Chacun sa méthode : on peut choisir d'étudier les termes d'adresse en synchronie ou en diachronie, en ayant recours à des questionnaires, à des enregistrements audio ou vidéo, à des corpus littéraires. Quel que soit les moyens utilisés, ils participent à la création d'une analyse ou d'une théorie supposée mettre en évidence ou éclairer certains points jusqu'alors ambigus.

On pourrait se demander pourquoi il a été choisi d'étudier les termes d'adresse dans des romans victoriens. Pourquoi donc ne pas les avoir examinés dans des conversations orales plutôt qu'écrites, et pourquoi avoir préféré le XIXème siècle à une autre époque ? Voici deux questions auxquelles il est important de répondre afin de faire comprendre au lecteur le cheminement ayant conduit à un tel travail.

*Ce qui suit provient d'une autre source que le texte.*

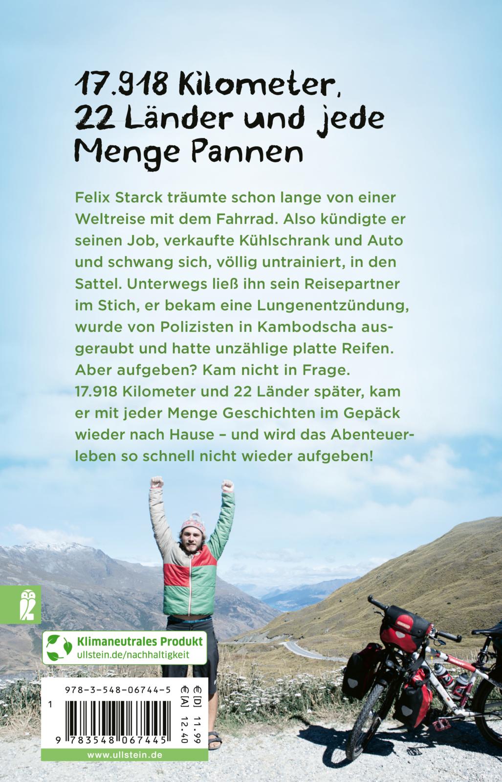 Felix Starck träumte schon lange von einer Weltreise mit dem Fahrrad. Also kündigte er seinen Job, verkaufte Kühlschrank und Auto und schwang sich, völlig untrainiert, in den Sattel. Unterwegs ließ ihn sein Reisepartner im Stich, er bekam eine Lungenentzündung, wurde von Polizisten in Kambodscha ausgeraubt und hatte unzählige platte Reifen. Aber aufgeben? Kam nicht in Frage. 17.918 Kilometer und 22 Länder später, kam er mit jeder Menge Geschichten im Gepäck wieder nach Hause - und wird das Abenteuerleben so schnell nicht wieder aufgeben!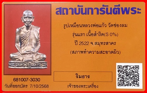 รูปเหมือนหลวงพ่อแก้ว วัดช่องลม รุ่นแรก เนื้อสำริด ปี2522 มีบัตรรับรองจีพระ เคาะเดียว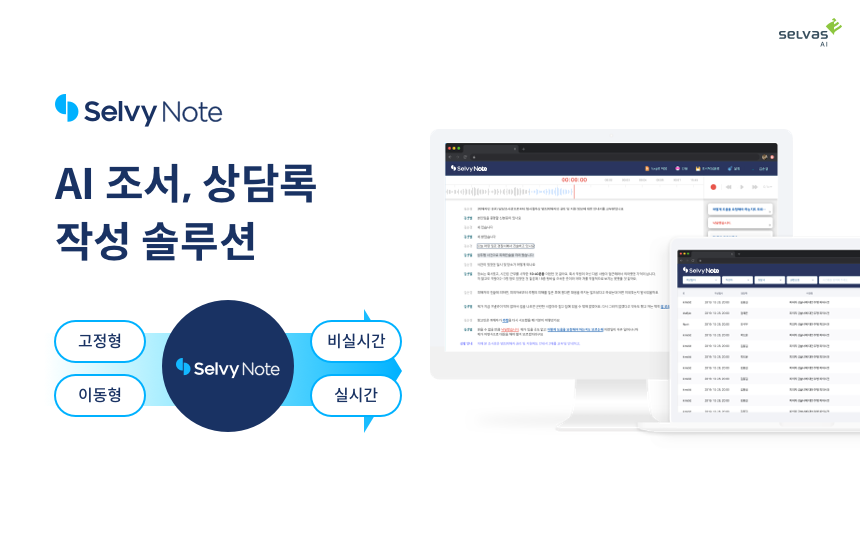 한편, 셀바스 AI는 조서·상담록 작성 솔루션 제품명을 ‘스테노 셀비(Steno Selvy)’에서 셀비 노트(Selvy Note)로 변경하고 다양한 분야로 적용을 확대 중이다.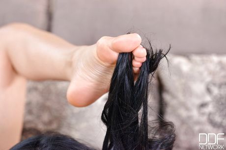 Thin Fetish: Skinny Asian teen Tyra Banxxx strips and rubs her cunt on the bed
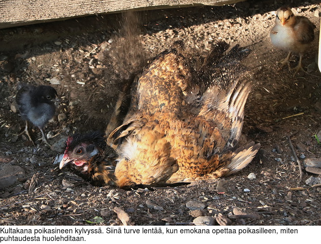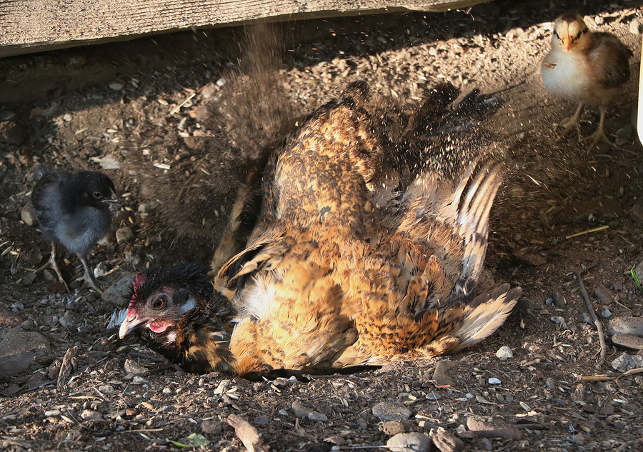 Kaikki kanat ja kanaemot ja poikaset piiloutuivat pensaisiin ja kukkapenkkeihin. Ne olivat ihan hiljaa pitkiä aikoja varmistaakseen, että vaara on ohi. Pieniä untuvikkoja oli piiloutuneena ojaan ja kellarinkatolle vuorenkilpien alle ja meni kauan ennen kuin kaikki emot löysivät lapsensa.

Tout d'abord, il convient d'informer le lecteur que le choix s'est porté sur des conversations écrites, tout simplement car elles semblaient offrir les meilleures opportunités d'étudier avec précision les variations langagières relatives à l'emploi des termes d'adresse à l'époque choisie, à savoir l'époque victorienne. De plus, cette

période, marquée par l'ancrage important de conventions sociales et sa stratification sociale avec une nette séparation des individus en fonction de leurs origines sociales, paraissait être idéale pour une analyse des rapports existant (ou pas) entre la classe sociale et le langage employé. Les œuvres utilisées sont riches en informations concernant les comportements sociaux de l'époque et ils évoquent avec finesse et un certain réalisme le quotidien des personnes ayant vécu en Angleterre au XIXème siècle.

Concernant le choix de l'Angleterre victorienne, il faut rappeler qu'à cette époque, le concept de classe ne dépend pas des moyens financiers d'une personne. Il se manifeste dans la façon de se comporter, le langage, les vêtements, l'éducation et les valeurs propres à chaque individu (Mitchell, 1996 : 17). Les différentes classes de la société évoluent dans des sphères différentes et ont recours à des pratiques variées dans les divers aspects de la vie quotidienne, comme l'heure des repas, la façon de faire la cour, etc. (Ibid.). Chaque classe a ses propres normes, lesquelles doivent être suivies par les membres de chaque classe. La société d'alors se divise en trois classes : les aristocrates (héritiers de titres et de terres), la classe moyenne (qui s'est développée durant cette période et qui regroupe une grande variété de personnes, comme les industriels, les pasteurs, les officiers de marine ou de l'armée de terre, les banquiers, etc.), et les ouvriers (qui gagnent leur vie grâce au travail physique). Le statut social fait partie de l'identité d'une personne et joue un rôle dans les relations et interactions courantes. Les habitudes langagières font partie des nombreuses manières de distinguer les individus dans une société donnée. Parmi ces pratiques se trouvent les termes d'adresse. Les personnes de rang supérieur, appartenant à la haute société, s'expriment généralement différemment de celles de rang inférieur, comme les travailleurs ou les domestiques1. Bien évidemment, les multiples manières de s'adresser à autrui diffèrent de celles d'aujourd'hui.

1. Il faut tout de même préciser que les domestiques sont censés être un peu plus éduqués que les prolétaires, puisqu'ils côtoient quotidiennement leurs employeurs qui souhaitent avoir sous leurs ordres des personnes connaissant les bonnes manières, et sachant bien se comporter en société, comme, par exemple, lors de réceptions.